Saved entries
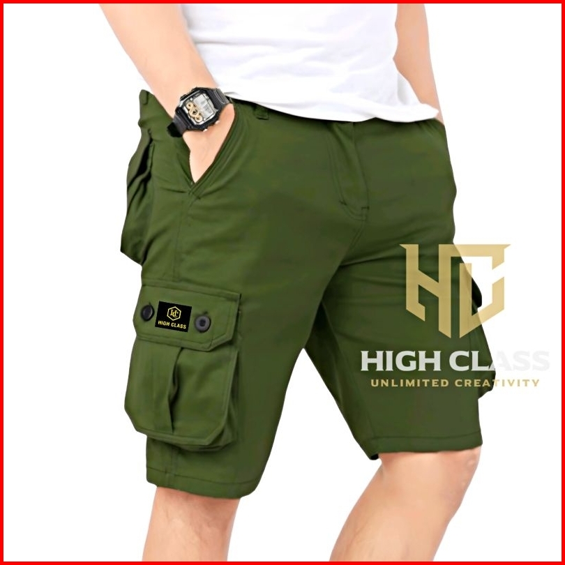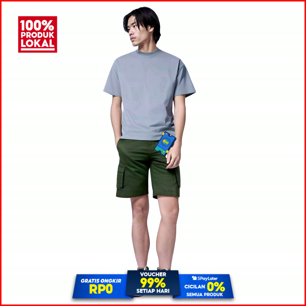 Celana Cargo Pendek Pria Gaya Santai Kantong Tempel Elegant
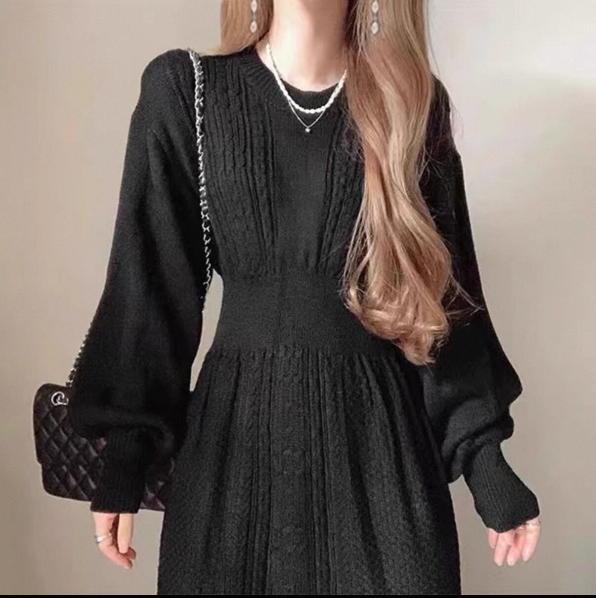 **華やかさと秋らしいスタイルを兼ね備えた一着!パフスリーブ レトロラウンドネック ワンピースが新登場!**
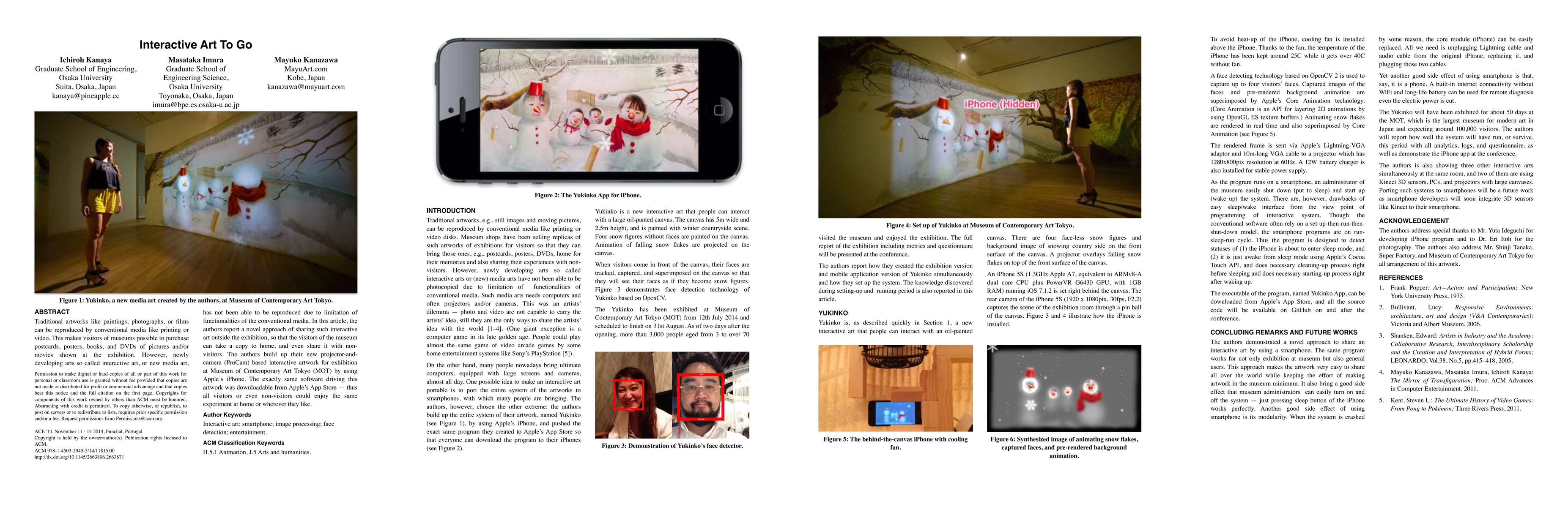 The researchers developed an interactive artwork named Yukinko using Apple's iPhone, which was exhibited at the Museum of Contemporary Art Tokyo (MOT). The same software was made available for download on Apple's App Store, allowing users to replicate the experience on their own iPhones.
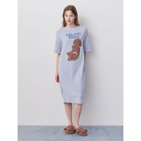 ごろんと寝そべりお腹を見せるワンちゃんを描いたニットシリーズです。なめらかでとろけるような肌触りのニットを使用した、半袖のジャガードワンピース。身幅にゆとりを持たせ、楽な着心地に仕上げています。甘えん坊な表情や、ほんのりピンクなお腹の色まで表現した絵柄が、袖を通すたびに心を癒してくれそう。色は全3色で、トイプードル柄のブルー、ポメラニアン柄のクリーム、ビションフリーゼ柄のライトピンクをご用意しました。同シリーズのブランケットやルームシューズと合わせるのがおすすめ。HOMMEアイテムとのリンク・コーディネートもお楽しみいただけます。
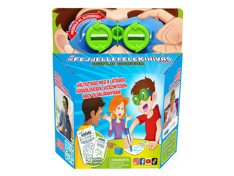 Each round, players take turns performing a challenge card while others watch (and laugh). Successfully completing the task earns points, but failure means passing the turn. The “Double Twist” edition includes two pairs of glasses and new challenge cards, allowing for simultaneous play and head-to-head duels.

● Try it:
Above are the records; copy them exactly without the pictures.

● Completed task:
 Celana Cargo Pendek Pria Gaya Santai Kantong Tempel Elegant
 **華やかさと秋らしいスタイルを兼ね備えた一着!パフスリーブ レトロラウンドネック ワンピースが新登場!**
 The researchers developed an interactive artwork named Yukinko using Apple's iPhone, which was exhibited at the Museum of Contemporary Art Tokyo (MOT). The same software was made available for download on Apple's App Store, allowing users to replicate the experience on their own iPhones.
 ごろんと寝そべりお腹を見せるワンちゃんを描いたニットシリーズです。なめらかでとろけるような肌触りのニットを使用した、半袖のジャガードワンピース。身幅にゆとりを持たせ、楽な着心地に仕上げています。甘えん坊な表情や、ほんのりピンクなお腹の色まで表現した絵柄が、袖を通すたびに心を癒してくれそう。色は全3色で、トイプードル柄のブルー、ポメラニアン柄のクリーム、ビションフリーゼ柄のライトピンクをご用意しました。同シリーズのブランケットやルームシューズと合わせるのがおすすめ。HOMMEアイテムとのリンク・コーディネートもお楽しみいただけます。
 Each round, players take turns performing a challenge card while others watch (and laugh). Successfully completing the task earns points, but failure means passing the turn. The “Double Twist” edition includes two pairs of glasses and new challenge cards, allowing for simultaneous play and head-to-head duels.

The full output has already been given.